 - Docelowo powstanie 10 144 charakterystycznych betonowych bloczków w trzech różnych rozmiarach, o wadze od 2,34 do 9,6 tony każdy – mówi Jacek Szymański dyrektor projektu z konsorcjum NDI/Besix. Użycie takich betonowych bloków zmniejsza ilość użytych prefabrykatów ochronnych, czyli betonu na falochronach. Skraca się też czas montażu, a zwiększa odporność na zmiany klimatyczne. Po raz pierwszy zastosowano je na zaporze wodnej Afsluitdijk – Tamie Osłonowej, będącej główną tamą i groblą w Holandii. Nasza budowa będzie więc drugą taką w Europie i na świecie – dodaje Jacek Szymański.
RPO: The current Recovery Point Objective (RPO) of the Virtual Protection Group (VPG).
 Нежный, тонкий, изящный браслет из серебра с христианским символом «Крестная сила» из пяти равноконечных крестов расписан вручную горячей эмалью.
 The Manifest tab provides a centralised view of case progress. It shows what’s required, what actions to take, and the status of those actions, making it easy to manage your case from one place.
☆ ☆ ☆ ☆ ☆ ☆ ☆
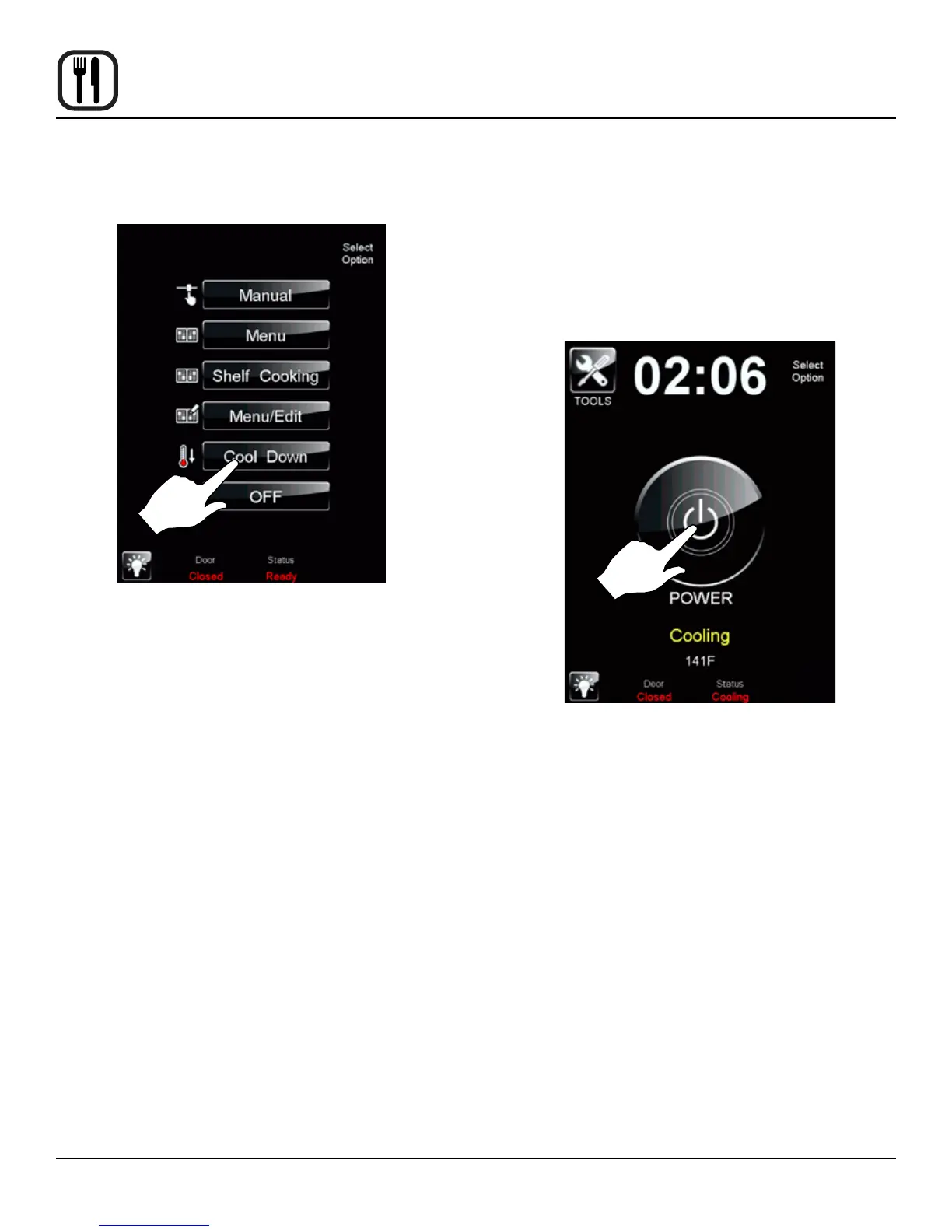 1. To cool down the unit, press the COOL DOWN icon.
☆ ☆ ☆ ☆ ☆ ☆ ☆
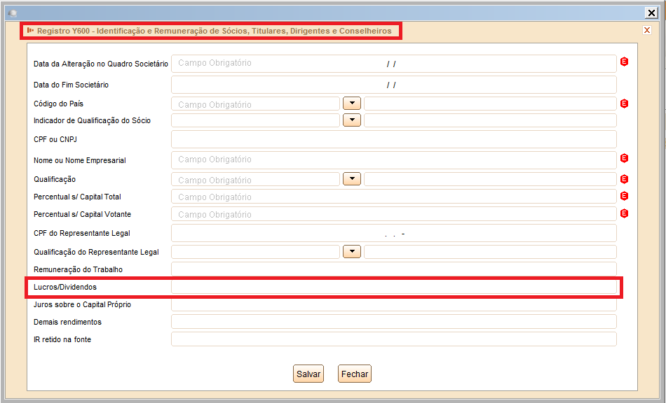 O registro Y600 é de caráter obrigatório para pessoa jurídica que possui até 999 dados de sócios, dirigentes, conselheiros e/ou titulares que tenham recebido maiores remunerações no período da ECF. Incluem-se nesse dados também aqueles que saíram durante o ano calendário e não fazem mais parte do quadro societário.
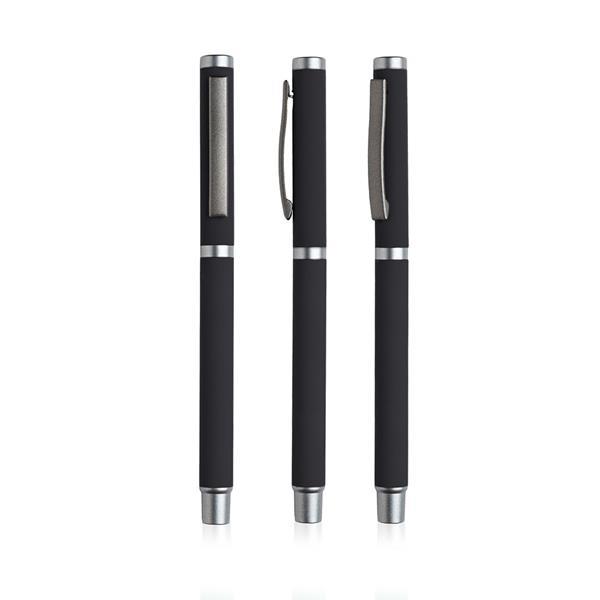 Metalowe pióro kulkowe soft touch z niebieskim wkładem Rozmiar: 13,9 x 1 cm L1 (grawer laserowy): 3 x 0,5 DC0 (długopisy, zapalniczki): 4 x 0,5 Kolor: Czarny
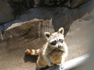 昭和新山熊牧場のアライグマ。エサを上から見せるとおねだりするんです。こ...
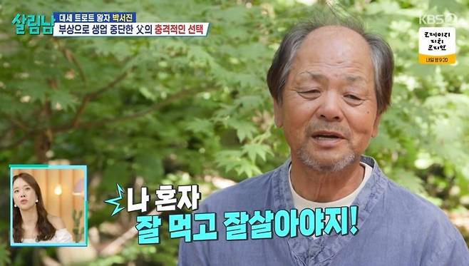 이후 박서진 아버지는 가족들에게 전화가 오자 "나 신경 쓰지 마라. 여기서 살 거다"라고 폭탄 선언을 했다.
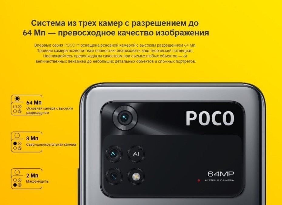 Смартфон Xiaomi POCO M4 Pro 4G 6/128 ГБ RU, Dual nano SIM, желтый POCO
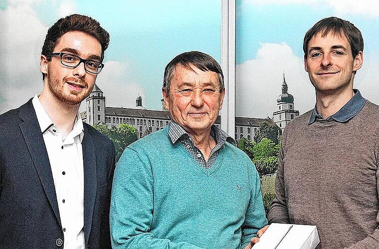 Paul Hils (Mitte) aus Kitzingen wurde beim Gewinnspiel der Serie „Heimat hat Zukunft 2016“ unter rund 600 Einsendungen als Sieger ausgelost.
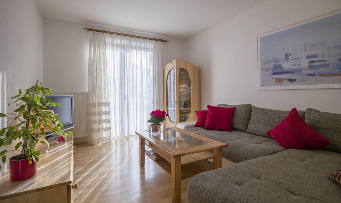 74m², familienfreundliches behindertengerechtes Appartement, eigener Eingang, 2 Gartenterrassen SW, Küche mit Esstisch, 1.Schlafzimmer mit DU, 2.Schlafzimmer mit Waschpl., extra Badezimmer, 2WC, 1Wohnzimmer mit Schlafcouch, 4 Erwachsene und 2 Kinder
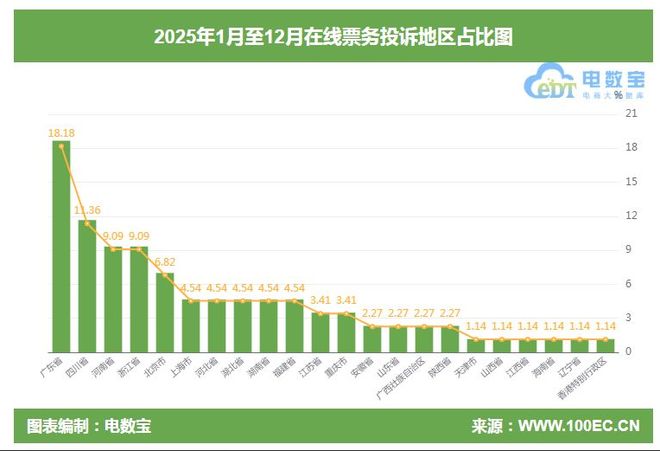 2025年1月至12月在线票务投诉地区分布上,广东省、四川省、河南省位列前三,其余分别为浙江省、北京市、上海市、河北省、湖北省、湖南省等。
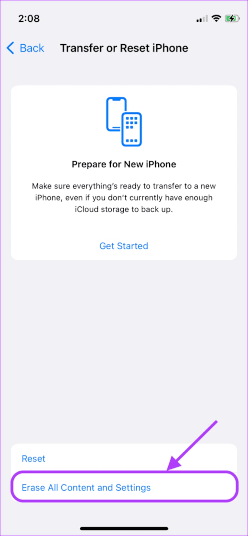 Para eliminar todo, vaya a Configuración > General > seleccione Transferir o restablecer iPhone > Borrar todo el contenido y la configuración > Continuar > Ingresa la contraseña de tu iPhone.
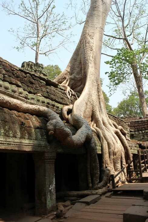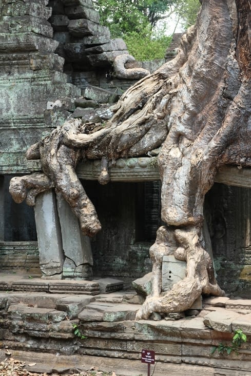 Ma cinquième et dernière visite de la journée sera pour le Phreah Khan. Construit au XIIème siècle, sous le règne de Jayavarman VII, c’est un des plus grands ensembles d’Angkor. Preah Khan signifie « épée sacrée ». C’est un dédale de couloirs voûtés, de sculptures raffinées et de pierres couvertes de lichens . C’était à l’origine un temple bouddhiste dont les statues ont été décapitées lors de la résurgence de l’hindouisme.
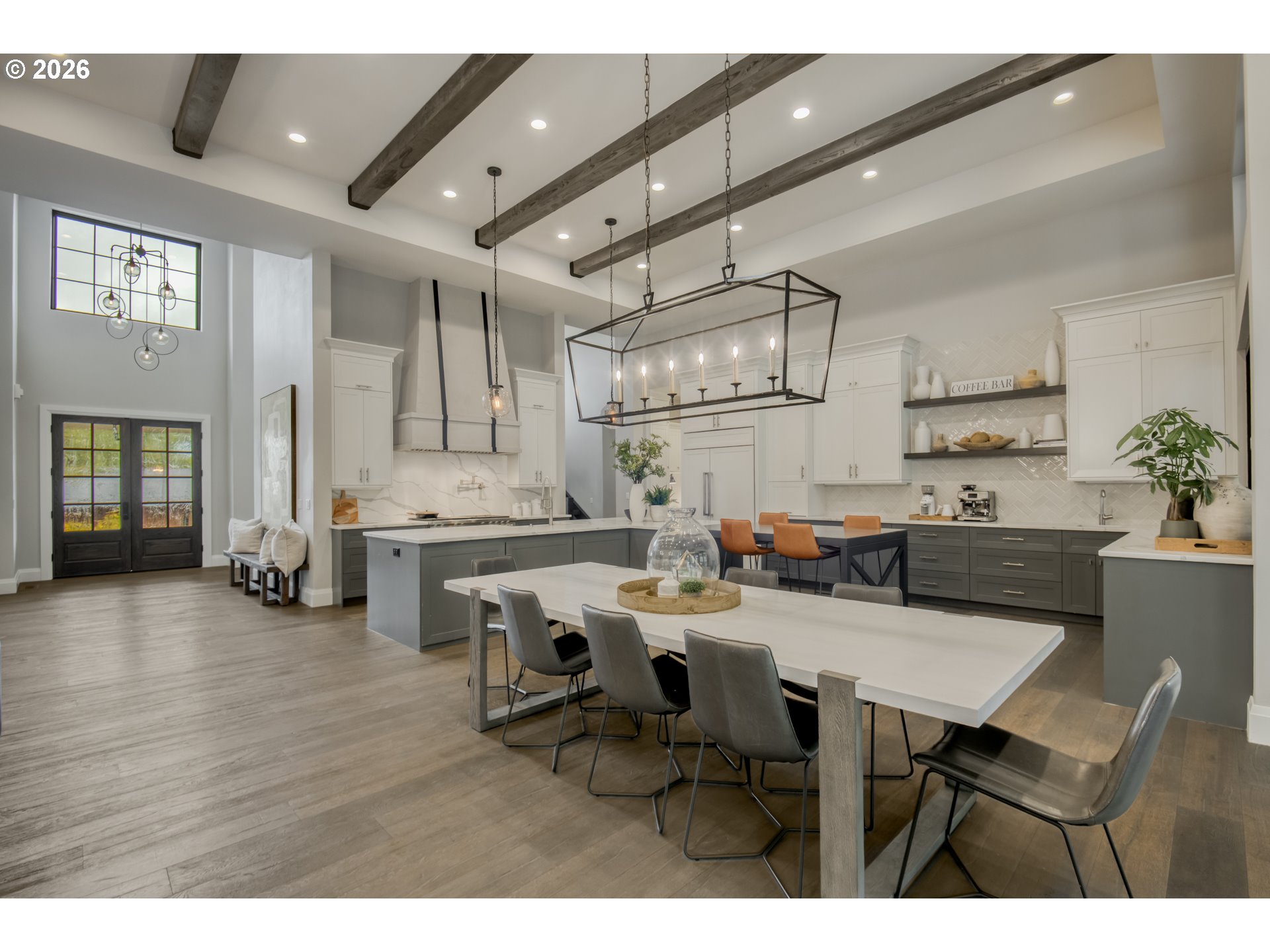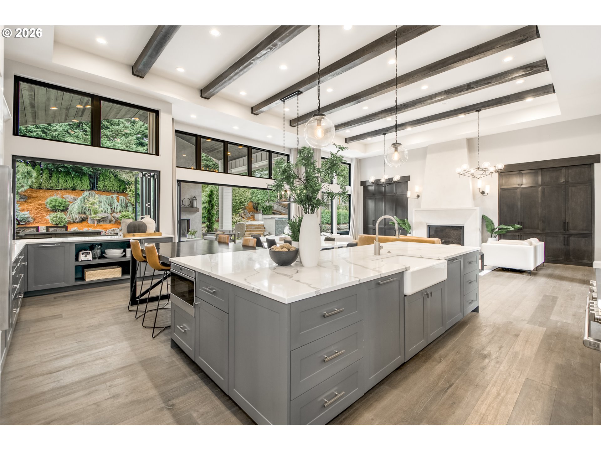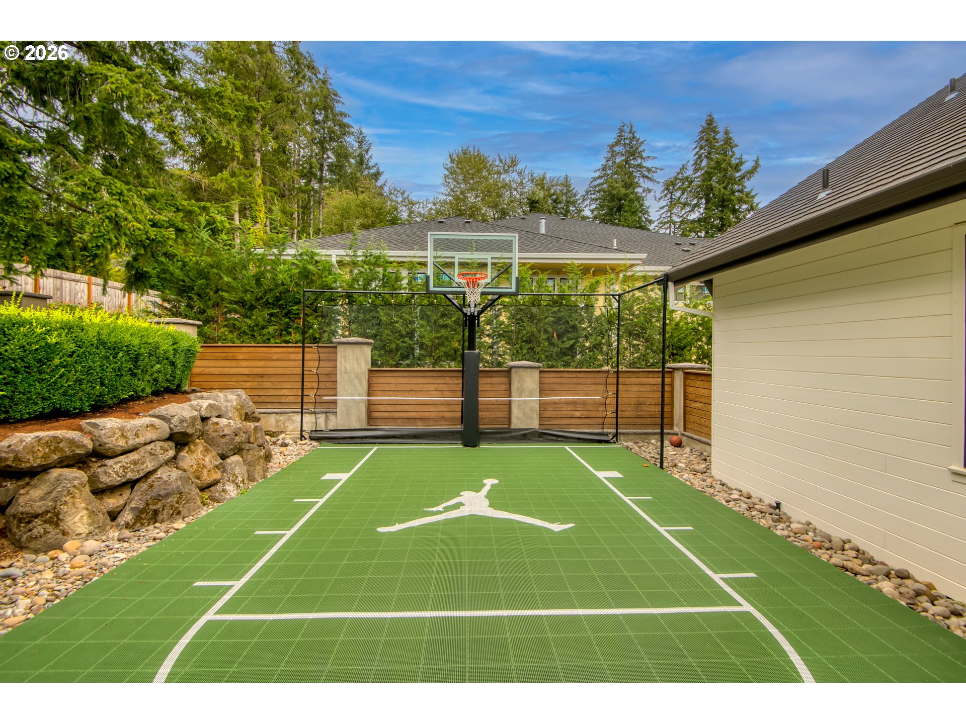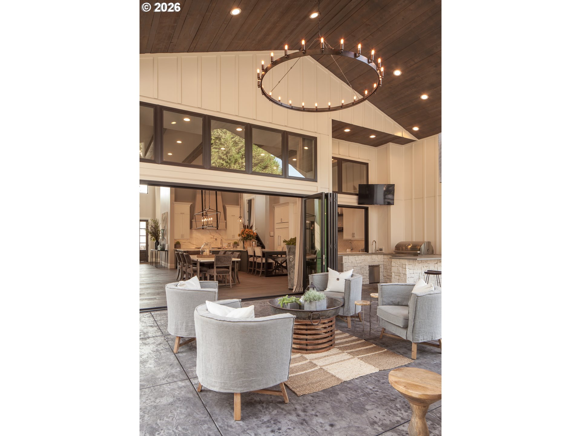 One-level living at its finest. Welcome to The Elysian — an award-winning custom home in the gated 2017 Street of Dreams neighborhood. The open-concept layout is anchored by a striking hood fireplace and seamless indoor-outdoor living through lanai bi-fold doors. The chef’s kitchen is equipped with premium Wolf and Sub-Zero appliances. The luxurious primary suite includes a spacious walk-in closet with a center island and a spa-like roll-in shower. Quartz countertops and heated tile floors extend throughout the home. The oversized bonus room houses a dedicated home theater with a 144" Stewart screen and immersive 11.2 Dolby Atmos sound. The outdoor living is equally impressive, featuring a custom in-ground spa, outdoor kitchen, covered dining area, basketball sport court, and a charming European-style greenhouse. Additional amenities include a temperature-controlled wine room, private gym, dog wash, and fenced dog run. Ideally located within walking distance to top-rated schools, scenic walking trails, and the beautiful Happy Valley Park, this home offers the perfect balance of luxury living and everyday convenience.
☆ ☆ ☆ ☆ ☆ ☆ ☆
_TASK DETAILS_
Give back the records above exactly, limited to the lines between the one holding "Нежный, тонкий, изящный" and the one holding "The Manifest tab", inclusive.

_WRITTEN ANSWER_
 Нежный, тонкий, изящный браслет из серебра с христианским символом «Крестная сила» из пяти равноконечных крестов расписан вручную горячей эмалью.
 The Manifest tab provides a centralised view of case progress. It shows what’s required, what actions to take, and the status of those actions, making it easy to manage your case from one place.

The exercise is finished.